Task directions:
Reproduce the data below word for word, setting aside any picture it holds.

═══ Supplied material

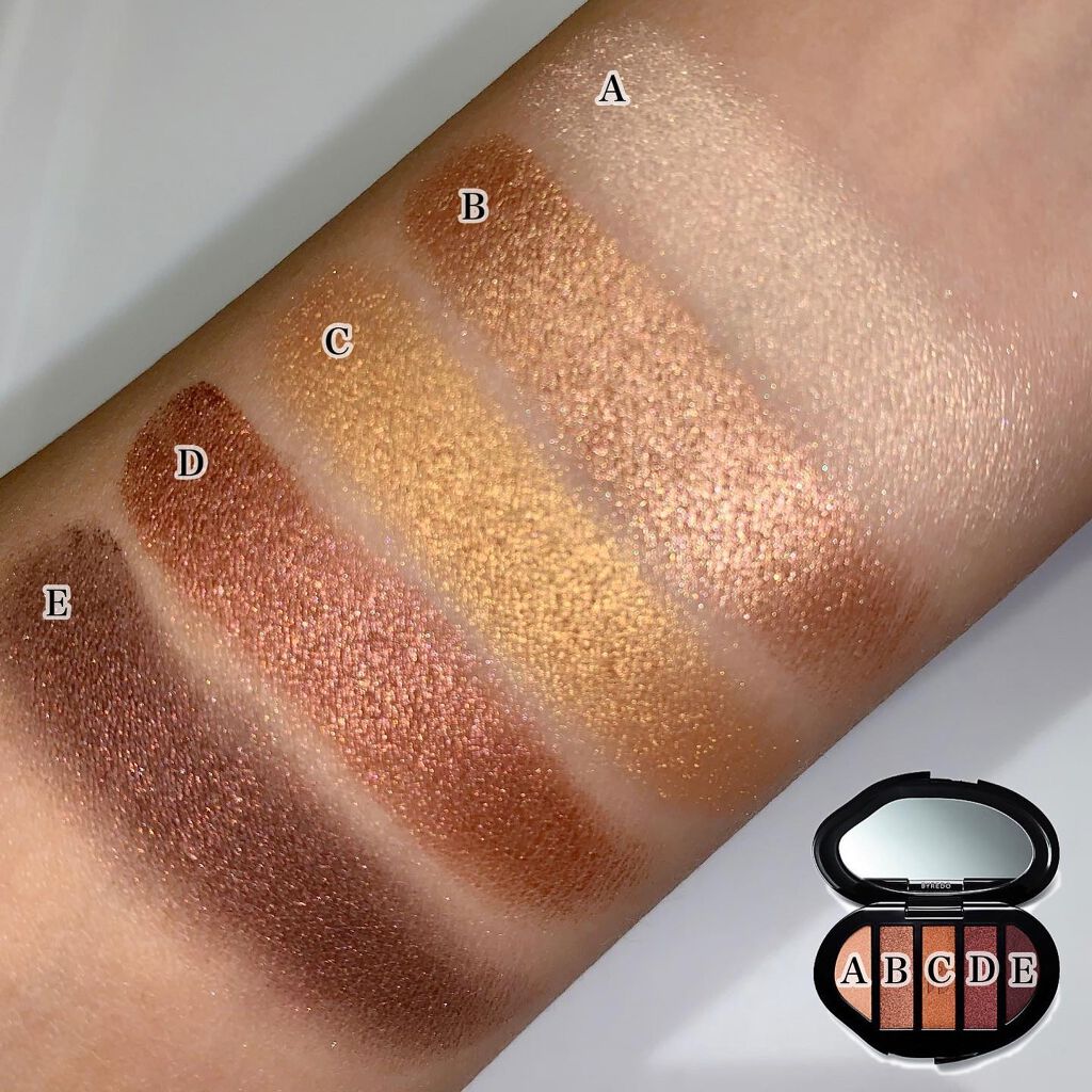 今回の新色は"まぶたに濡れたような光沢を放つ艶、光を操る立体感をプラスしリュクスなまなざしを叶えてくれる"というプリズムフォーミュラ。 確かにいつもとはちょっと違う…良いですこれ🫶❤️ ヌメッと面で光るようなツヤ感✨ テクスチャーは刻印ありタイプ、ツヤはクリームタイプに近いと思います🥰 要は刻印ありとクリームの良いとこ取りですね! ゴールドと柔らかいレッドの組み合わせ。アプレスキーとエレクトリックチェリーの中間のような色合い🤔 ゴールドとピーチカラー。今回の3色の中では一番黄みが強い。 青みがかったローズが可愛い。ぱっと見はわからないけど左上にみんな大好き青ラメが…!!
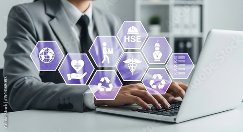 Man in suit typing on laptop with overlaid health safety environment and sustainability icons on screen
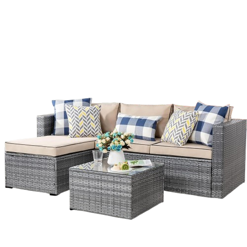 After looking at many sets from different places we ordered this set under a gazebo and although there was some misunderstanding with the box numbers, it turned out to be the perfect set. One box arrived one day and two boxes arrived the next day. It took my son and I about 2 to 3 hours to put everything together. Each box came with two pieces, with hardware for each chair and detailed instructions. It even has locking clips that you put on the bottom to attach them so they stay in place which is another plus. They are nice and sturdy, comfortable and a great addition to our little oasis. I look forward to spending lots of time outside with our family and friends on our new patio set. Note: These are not regular size face down, they just sit low to the ground which makes it easy for our kids to sit and lie down comfortably. Great product for an amazing price!! So if you don’t hesitate the end results will be worth it!!
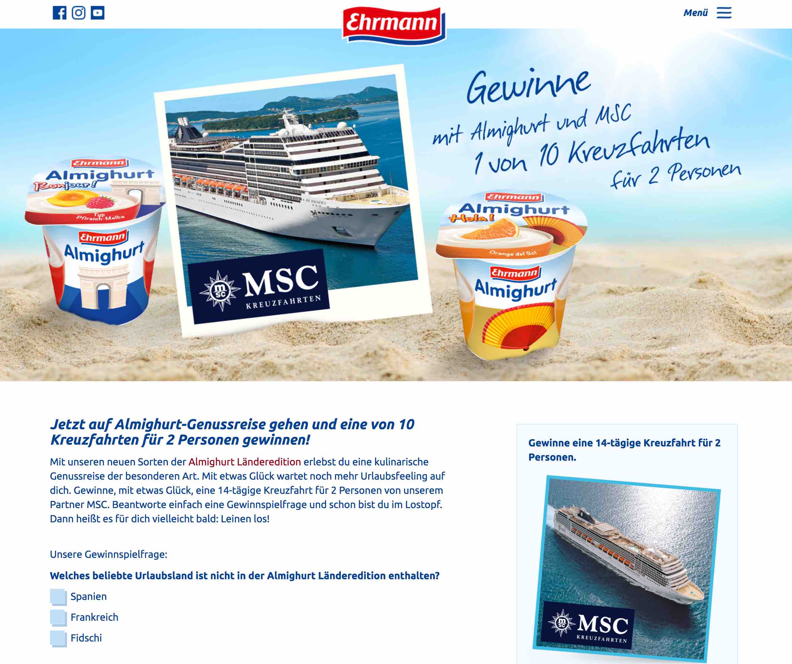 Ehrmann Gewinn: 10 Kreuzfahrten für 2 Personen Lösungsvorschlag: Fidschi Teilnahmeschluss: 29.09.2017 Link: abgelaufen
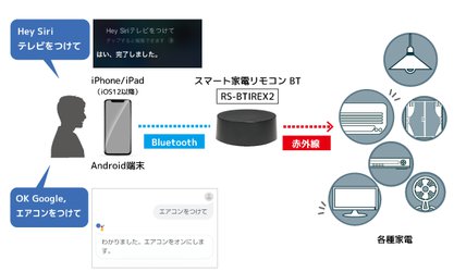 ラトックシステムは、スマホから家電を操作できるスマートリモコン「RS-BTIREX2」がGoogleアシスタントとSiriショートカットに対応し、"OK Google" または"Hey Siri" と呼びかけることで操作ができるようになったと発表した。
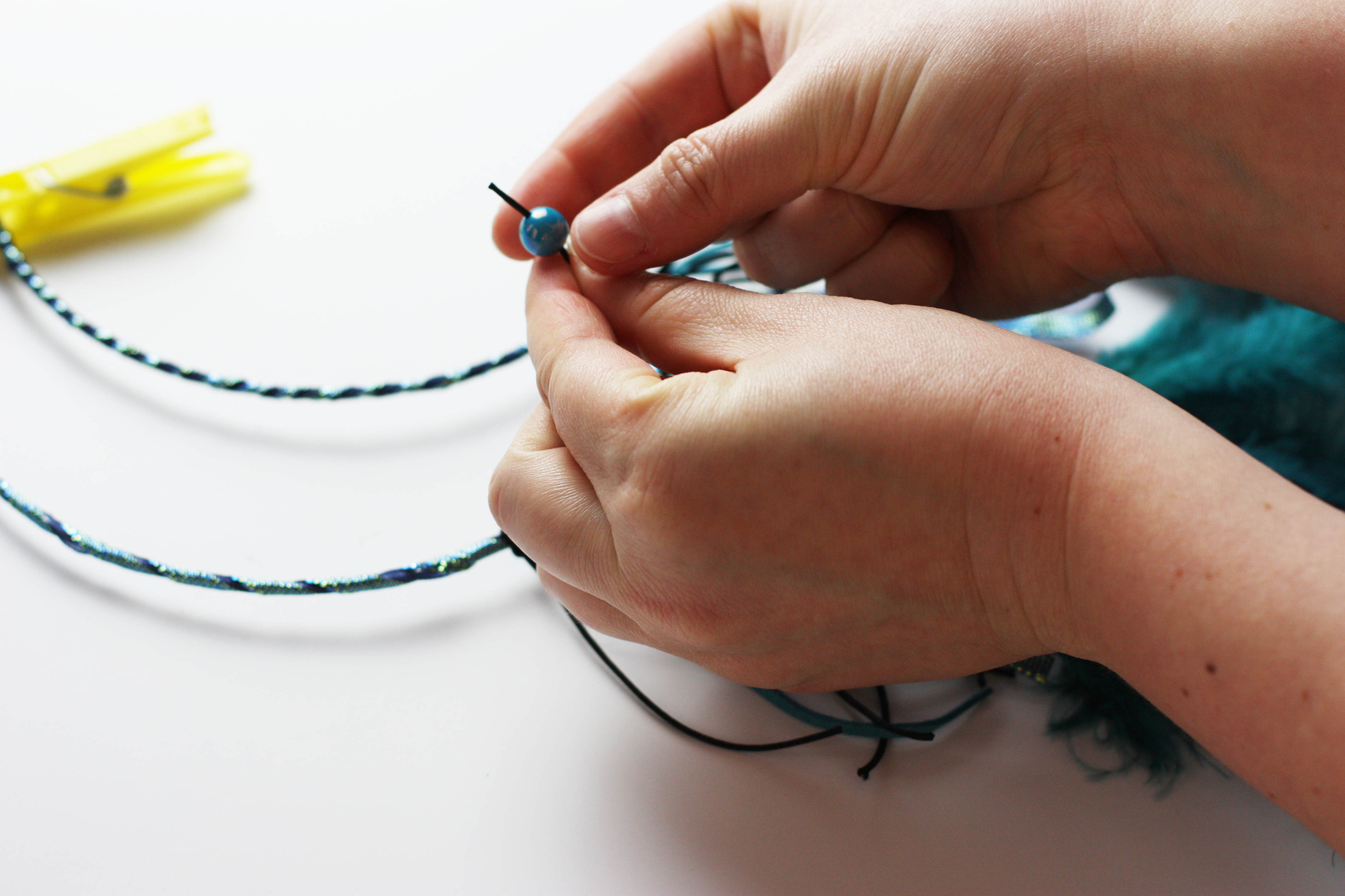Étape 6 : Enfilez les perles rondes sur les fils de couleur noir.
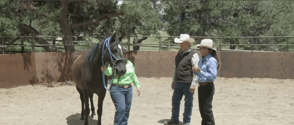 Julie Goodnight and Veterinarian Deb Schlutz work with a horse whose pain was keeping him from performing.
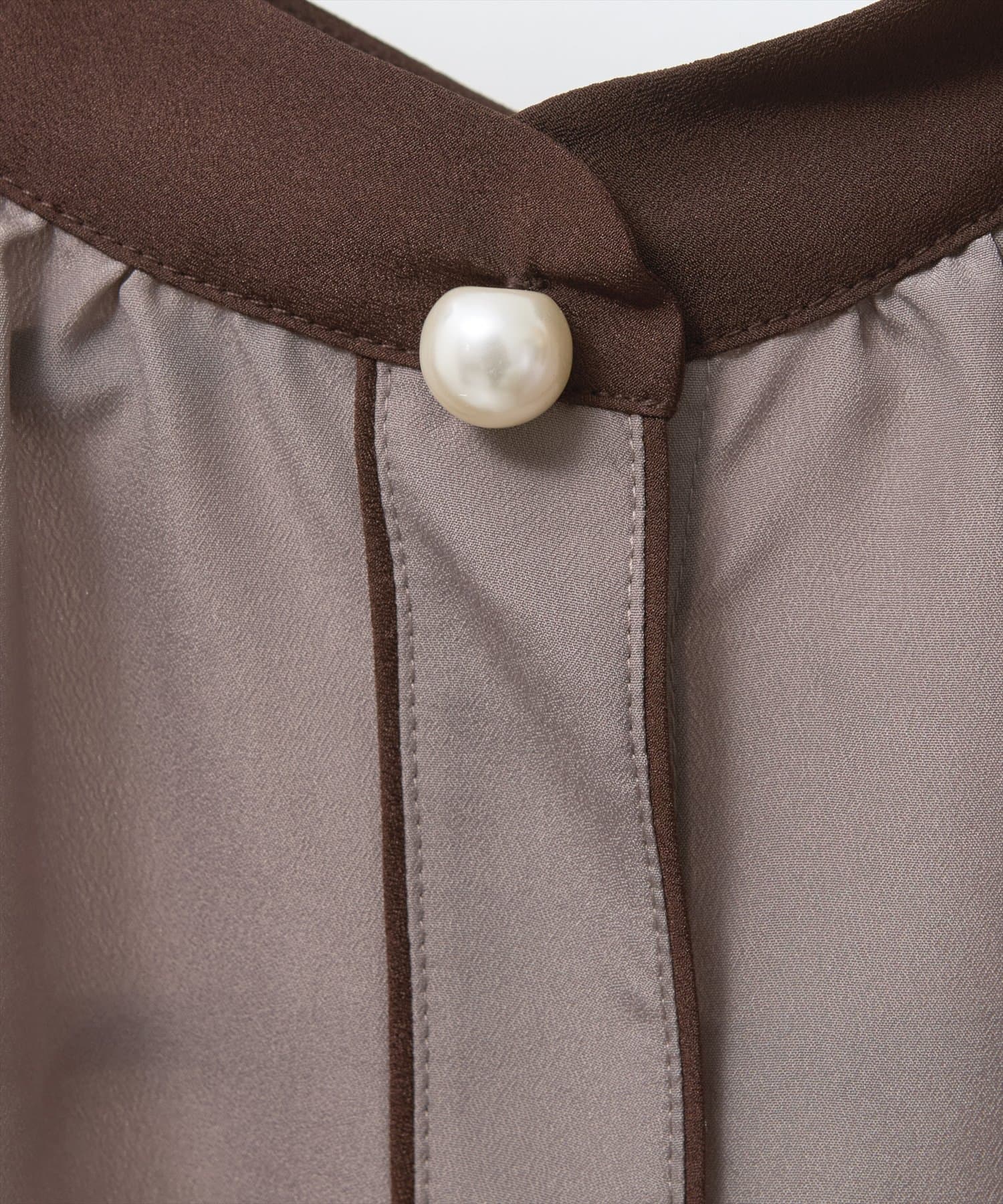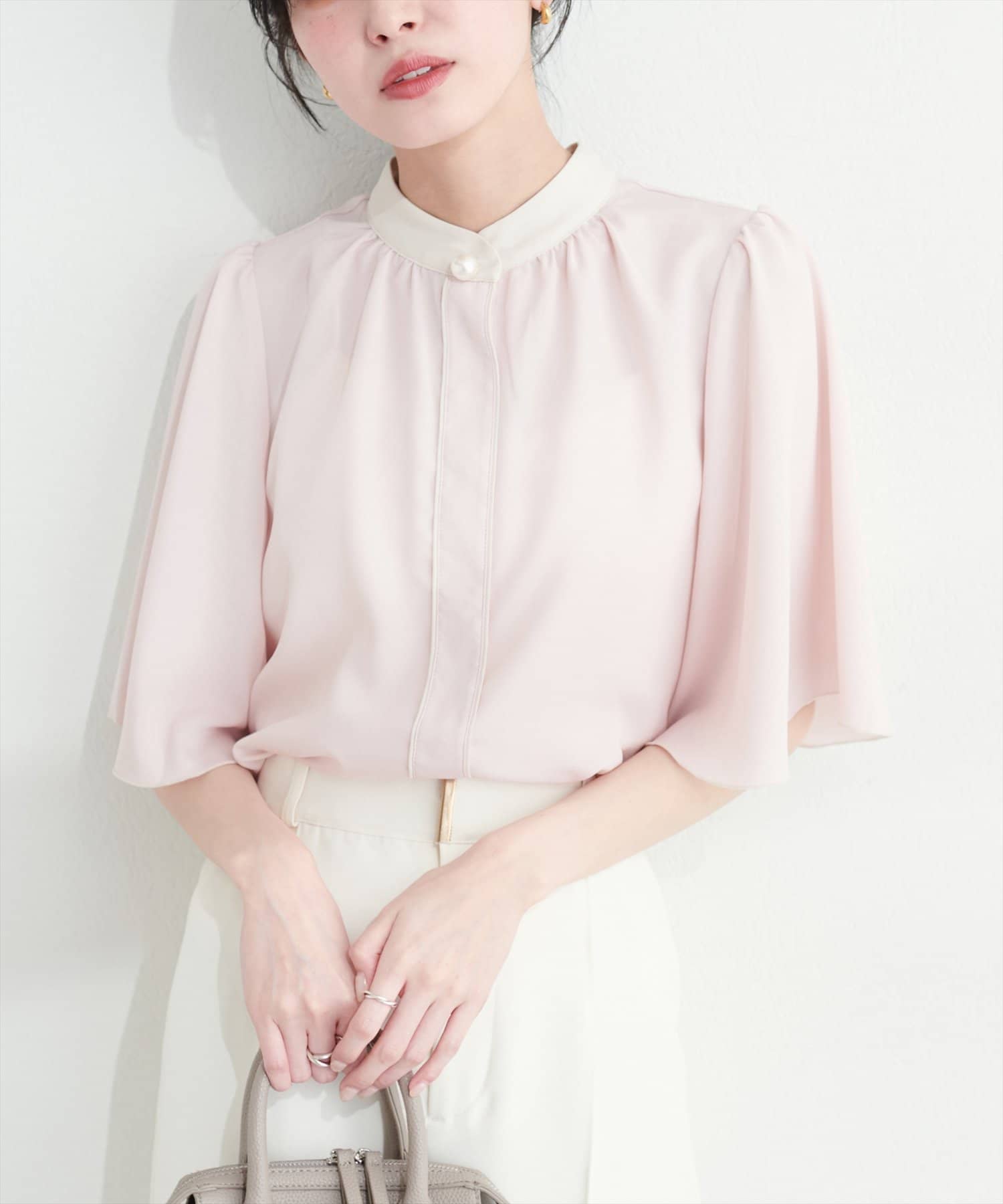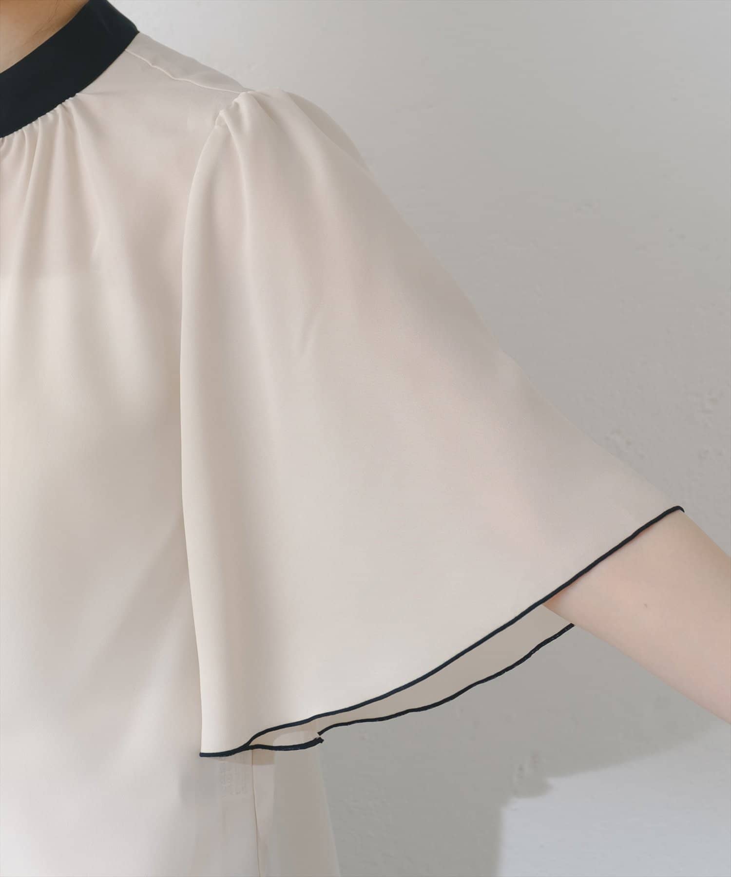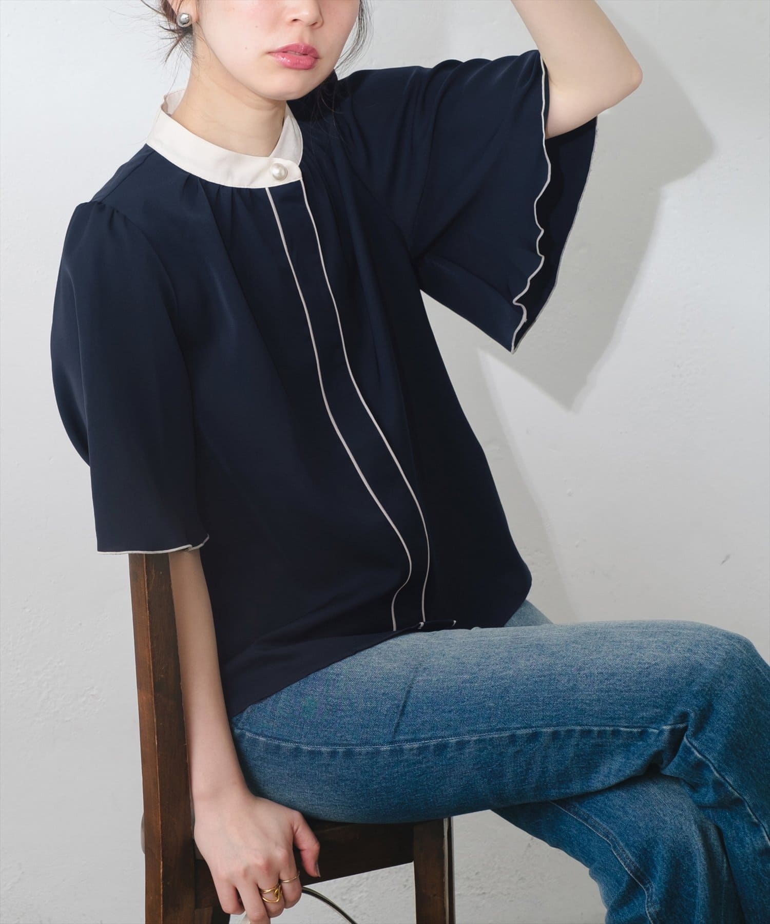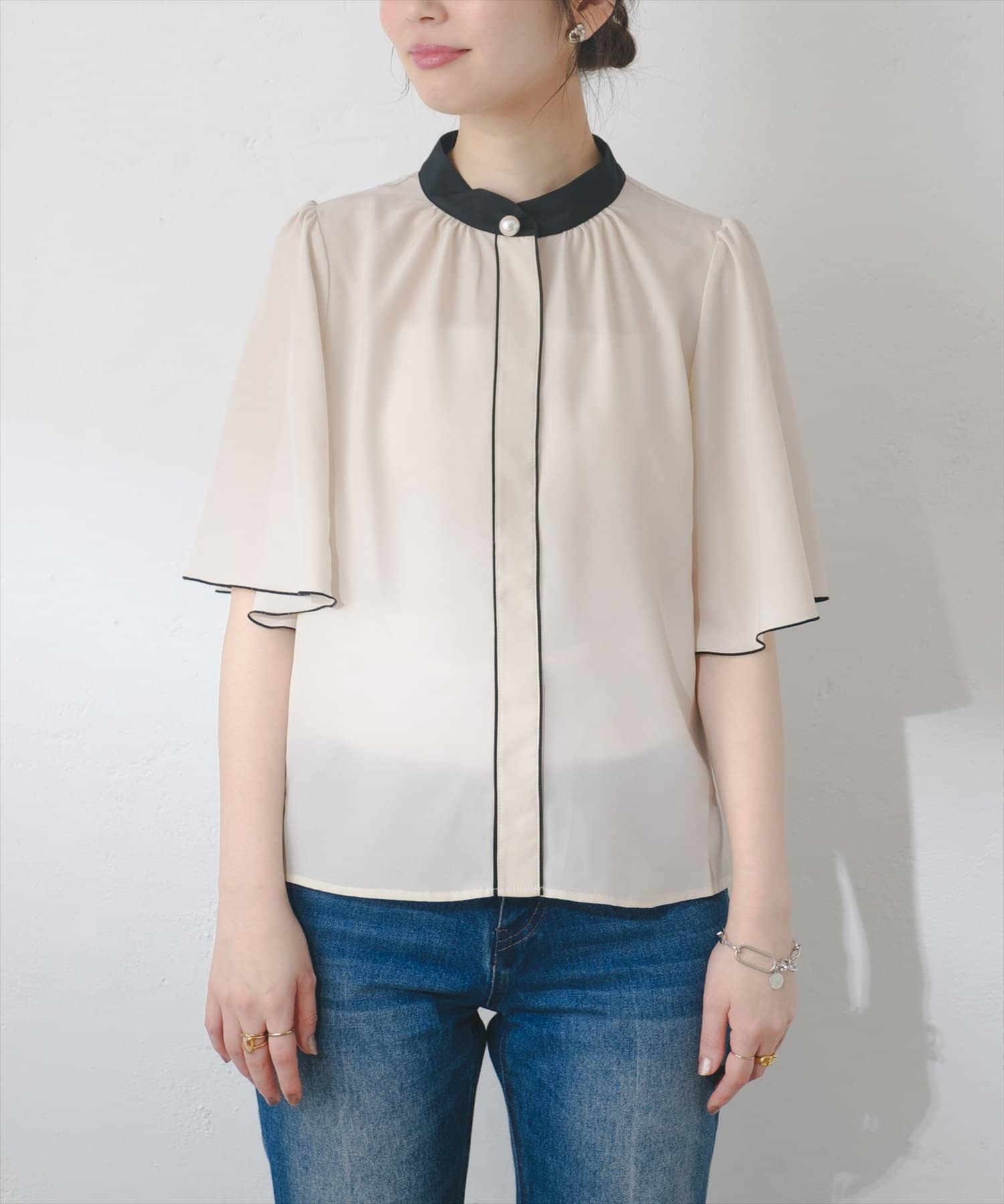 【WEB限定】パール釦ポイントバイカラーフレア5分袖ブラウス

══════

Response to the exercise:
 今回の新色は"まぶたに濡れたような光沢を放つ艶、光を操る立体感をプラスしリュクスなまなざしを叶えてくれる"というプリズムフォーミュラ。 確かにいつもとはちょっと違う…良いですこれ🫶❤️ ヌメッと面で光るようなツヤ感✨ テクスチャーは刻印ありタイプ、ツヤはクリームタイプに近いと思います🥰 要は刻印ありとクリームの良いとこ取りですね! ゴールドと柔らかいレッドの組み合わせ。アプレスキーとエレクトリックチェリーの中間のような色合い🤔 ゴールドとピーチカラー。今回の3色の中では一番黄みが強い。 青みがかったローズが可愛い。ぱっと見はわからないけど左上にみんな大好き青ラメが…!!
 Man in suit typing on laptop with overlaid health safety environment and sustainability icons on screen
 After looking at many sets from different places we ordered this set under a gazebo and although there was some misunderstanding with the box numbers, it turned out to be the perfect set. One box arrived one day and two boxes arrived the next day. It took my son and I about 2 to 3 hours to put everything together. Each box came with two pieces, with hardware for each chair and detailed instructions. It even has locking clips that you put on the bottom to attach them so they stay in place which is another plus. They are nice and sturdy, comfortable and a great addition to our little oasis. I look forward to spending lots of time outside with our family and friends on our new patio set. Note: These are not regular size face down, they just sit low to the ground which makes it easy for our kids to sit and lie down comfortably. Great product for an amazing price!! So if you don’t hesitate the end results will be worth it!!
 Ehrmann Gewinn: 10 Kreuzfahrten für 2 Personen Lösungsvorschlag: Fidschi Teilnahmeschluss: 29.09.2017 Link: abgelaufen
 ラトックシステムは、スマホから家電を操作できるスマートリモコン「RS-BTIREX2」がGoogleアシスタントとSiriショートカットに対応し、"OK Google" または"Hey Siri" と呼びかけることで操作ができるようになったと発表した。
Étape 6 : Enfilez les perles rondes sur les fils de couleur noir.
 Julie Goodnight and Veterinarian Deb Schlutz work with a horse whose pain was keeping him from performing.
 【WEB限定】パール釦ポイントバイカラーフレア5分袖ブラウス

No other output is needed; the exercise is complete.